Page MenuHomePhabricator

Add inline assembly load hardening mitigation for Load Value Injection (LVI) on X86 [6/6]
AcceptedPublic

Authored by sconstab on Fri, Mar 13, 1:39 PM.

Details

Summary

Added code to X86AsmParser::emitInstruction() to add an LFENCE after each instruction that may load.

Diff Detail

Event Timeline

sconstab created this revision.Fri, Mar 13, 1:39 PM
sconstab updated this revision to Diff 250583.Mon, Mar 16, 9:22 AM

Added warnings for instructions that cannot be automatically mitigating by inserting an LFENCE.

sconstab edited the summary of this revision. (Show Details)Mon, Mar 16, 9:23 AM
sconstab retitled this revision from Add inline assembly load hardening mitigation for Load Value Injection (LVI) on X86 to Add inline assembly load hardening mitigation for Load Value Injection (LVI) on X86 [6/6].Mon, Mar 16, 9:31 AM
craig.topper added inline comments.Mon, Mar 16, 10:10 AM
llvm/lib/Target/X86/AsmParser/X86AsmParser.cpp
3236

Can we move this code out to a separate method called from here?
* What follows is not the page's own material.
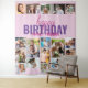 Birthday Backdrop with personalized photo collage and name. Substantial piece of birthday party decor, great talking point and perfect backdrop for photobooth or entrance welcome. Happy Birthday is lettered in modern casual script and bold typography. The template is ready for you to add your pictures in rows, working left to right and will display your photos in a combo of square, portrait and landscape formats. It has a color palette of pink and purple but, if you want to change the colors, click "customize further" or message me for assistance.

Something like performLVIMitigation?

zbrid accepted this revision.Mon, Mar 16, 11:36 AM

LGTM. This is awesome, thanks! Someone else should give another LGTM before submitting.

This revision is now accepted and ready to land.Mon, Mar 16, 11:36 AM
sconstab updated this revision to Diff 250619.Mon, Mar 16, 12:58 PM

Separated out the load/cfi hardening functionality into two separate member functions.

sconstab marked an inline comment as done.Mon, Mar 16, 12:59 PM
sconstab added inline comments.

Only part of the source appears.